Task prompt » Pictures must not appear in the copy. Reproduce exactly, and only, the lines from the one with "Dalla Spagna, barocchi" through the end of the data below.

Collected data
%%
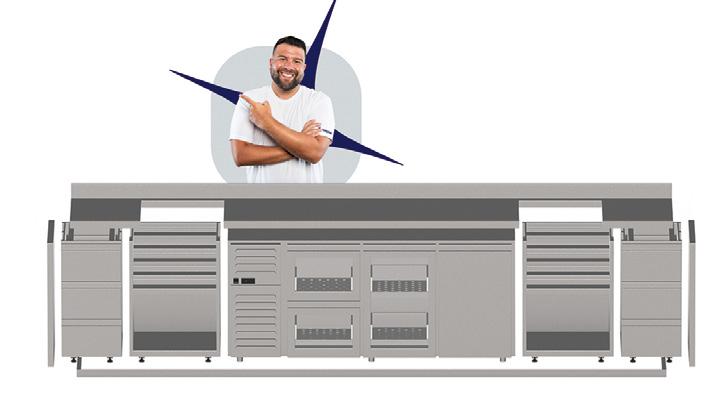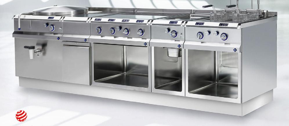 Die beiden neuen Kochsysteme überzeugen auch in der Konstruktion und Ausstattung: Mit unveränderten Abmaßen und mit sehr durchdachen Features für maximale Langlebigkeit und ergonomisches Handling. Elektrik und Wasser befinden sich jetzt voneinander getrennt in den beiden seitlichen Stützsäulen und wartungsfreundlich wurde eine praktische, ausziehbare ServiceSchublade in die rechte Säulenfront integriert.
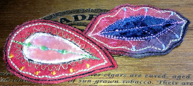 I was able to get started on making more pins. I’m still trying to learn how to operate my mom’s sewing machine. I swear it’s harder to learn than a new computer. These are hand dyed felt and hand dyed velvet with machine stitching and some hand embroidery.
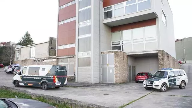 Vehículos de la Guardia Civil trasladan detenidos a los juzgados de Lalín. | Bernabé
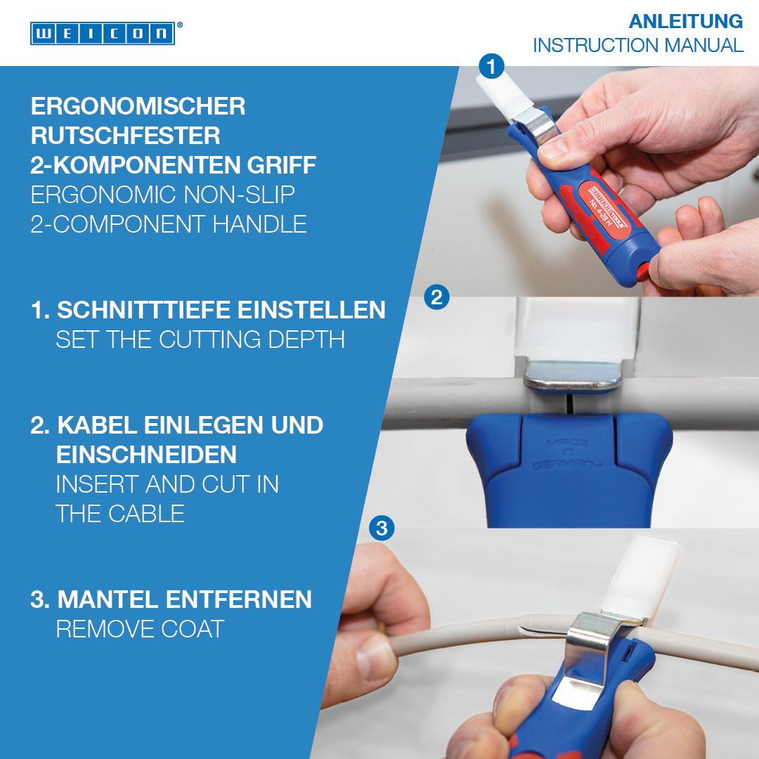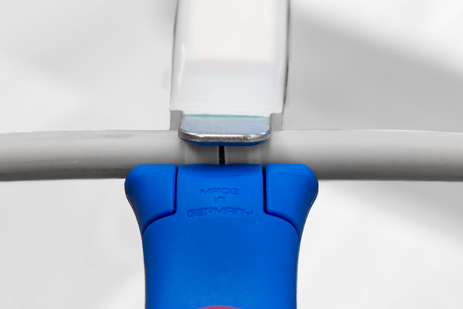 Duża średnica uchwytu zapewnia optymalny kontakt dotykowy. Płynnie regulowane i łatwe w obsłudze pokrętło nastawne. Precyzyjne, szybkie i bezpieczne ściąganie osłonek. Szybka wymiana wewnętrznych nożyków dzięki zamkowi bagnetowemu
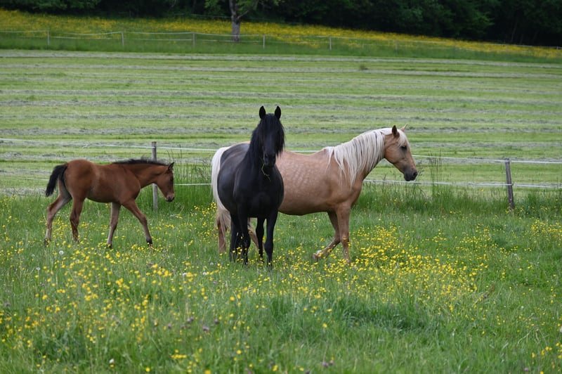 Dalla Spagna, barocchi cavalli di razza andalusa effettivamente chiamato Pura Raza Espanola, breve PRE, universalmente considerato come nobile, widerstandsfähgig, coraggioso e orientata alle persone. Il nome andaluso si applica ai cavalli con stranieri incroci di cavalli purosangue o Arabico. Cavall ...più
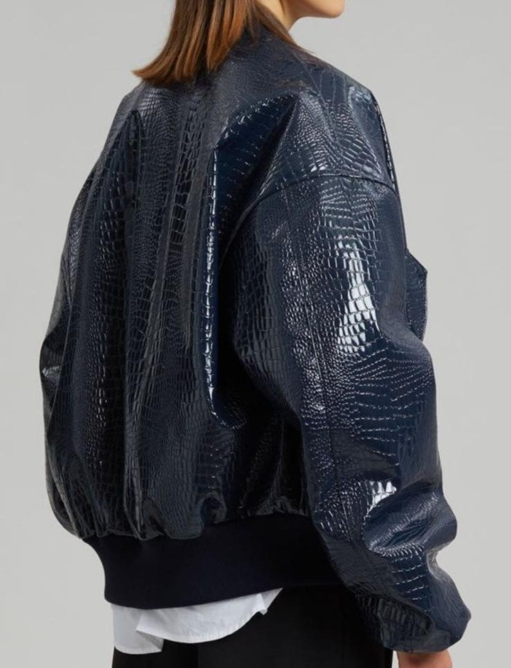 Balancing durability with refined aesthetics, the Midnight Croc Bomber Jacket pairs effortlessly with black denim, tailored trousers, or even layered over a crisp white tee for a striking contrast. It’s the perfect companion for those who value bold expression without sacrificing sophistication. Over time, the jacket develops a distinct sheen that enhances its crocodile texture, adding even more depth and individuality to its look.
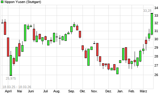 Mit dem Anstieg auf 31,88 EUR hat die Nippon Yusen-Aktie (ISIN JP3753000003) am 17.03.2026 ein neues 6-Monats-Hoch erreicht und damit den Kurs vom 12.03.2026 eingestellt.
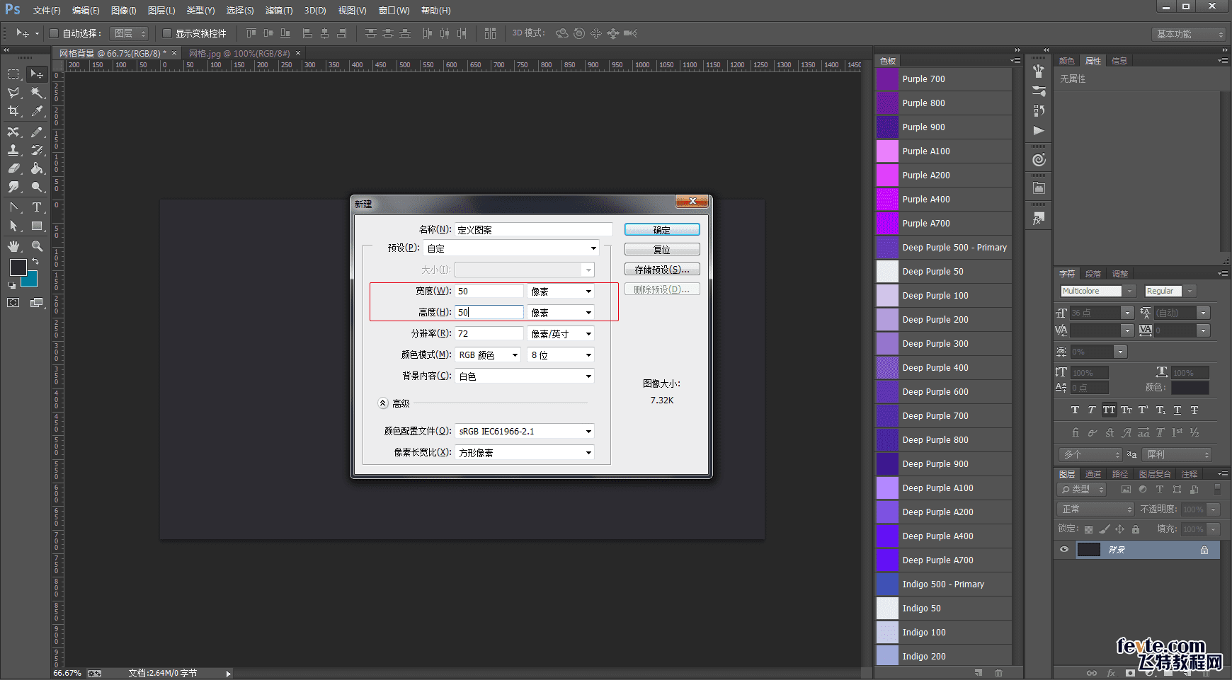 3,接下来干什么呢?画布建好了,当然是要画网格了,怎么画...........这就是教程开始的地方了,我们用定义图案的方法来完成网格绘制。所以,继续新建一个画布文档(50*50),如下图所示。
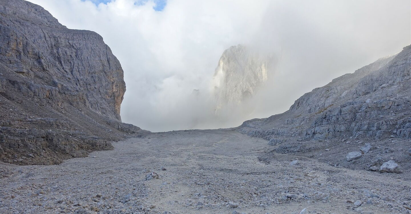 Nach kurzem Abstieg erreichen wir den 02 Passo di Pradidali Basso (2.658 m). Hier befindet sich auch wieder ein Wegweiser. Wir steigen in südwestlicher Richtung auf dem Wanderweg 709 Richtung Rifugio Pradidali ab. Es geht durch ein spektakulär geformtes Kar, rechts und links steigen steil die Dolomitenwände in die Höhe.
%%
Solution to the exercise »
 Dalla Spagna, barocchi cavalli di razza andalusa effettivamente chiamato Pura Raza Espanola, breve PRE, universalmente considerato come nobile, widerstandsfähgig, coraggioso e orientata alle persone. Il nome andaluso si applica ai cavalli con stranieri incroci di cavalli purosangue o Arabico. Cavall ...più
 Balancing durability with refined aesthetics, the Midnight Croc Bomber Jacket pairs effortlessly with black denim, tailored trousers, or even layered over a crisp white tee for a striking contrast. It’s the perfect companion for those who value bold expression without sacrificing sophistication. Over time, the jacket develops a distinct sheen that enhances its crocodile texture, adding even more depth and individuality to its look.
 Mit dem Anstieg auf 31,88 EUR hat die Nippon Yusen-Aktie (ISIN JP3753000003) am 17.03.2026 ein neues 6-Monats-Hoch erreicht und damit den Kurs vom 12.03.2026 eingestellt.
 3,接下来干什么呢?画布建好了,当然是要画网格了,怎么画...........这就是教程开始的地方了,我们用定义图案的方法来完成网格绘制。所以,继续新建一个画布文档(50*50),如下图所示。
 Nach kurzem Abstieg erreichen wir den 02 Passo di Pradidali Basso (2.658 m). Hier befindet sich auch wieder ein Wegweiser. Wir steigen in südwestlicher Richtung auf dem Wanderweg 709 Richtung Rifugio Pradidali ab. Es geht durch ein spektakulär geformtes Kar, rechts und links steigen steil die Dolomitenwände in die Höhe.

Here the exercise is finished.